── Information provided ──

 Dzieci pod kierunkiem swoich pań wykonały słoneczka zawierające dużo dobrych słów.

───
── Information provided ──

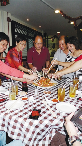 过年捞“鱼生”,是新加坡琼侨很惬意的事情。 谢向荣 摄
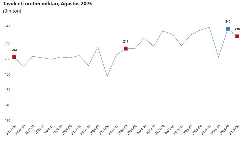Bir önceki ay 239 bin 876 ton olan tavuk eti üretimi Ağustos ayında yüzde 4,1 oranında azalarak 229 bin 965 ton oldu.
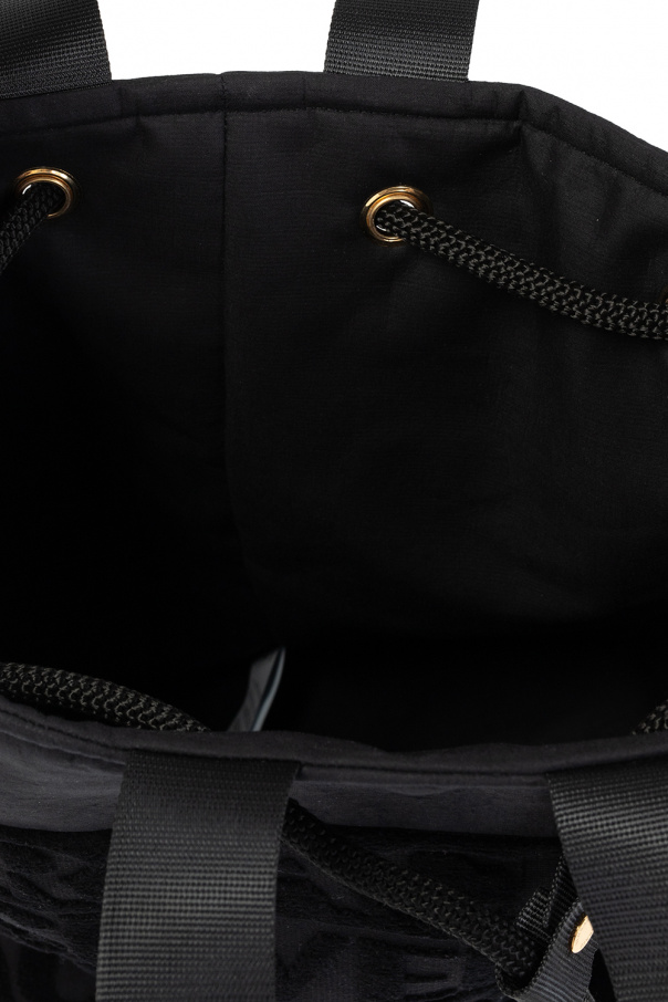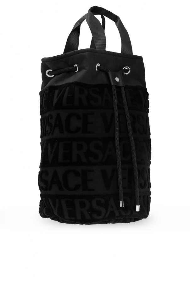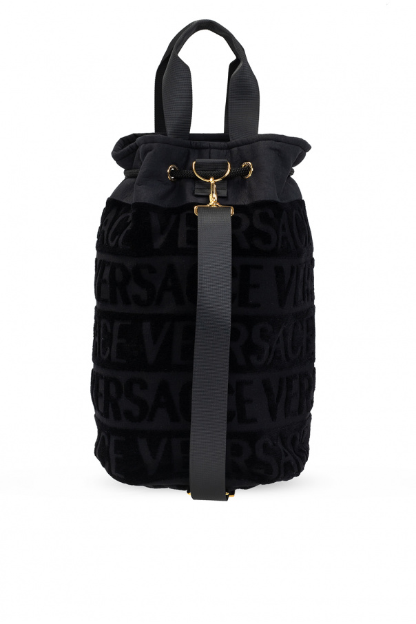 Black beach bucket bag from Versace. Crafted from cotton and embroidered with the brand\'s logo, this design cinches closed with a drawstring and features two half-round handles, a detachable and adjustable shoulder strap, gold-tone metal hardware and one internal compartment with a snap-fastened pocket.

───

Try it » Within the listing above, the lines starting at the one containing "Bir önceki ay" and ending at the one containing "Black beach bucket" are to be returned exactly. Omit the pictures.

Output of the exercise »
Bir önceki ay 239 bin 876 ton olan tavuk eti üretimi Ağustos ayında yüzde 4,1 oranında azalarak 229 bin 965 ton oldu.
 Black beach bucket bag from Versace. Crafted from cotton and embroidered with the brand\'s logo, this design cinches closed with a drawstring and features two half-round handles, a detachable and adjustable shoulder strap, gold-tone metal hardware and one internal compartment with a snap-fastened pocket.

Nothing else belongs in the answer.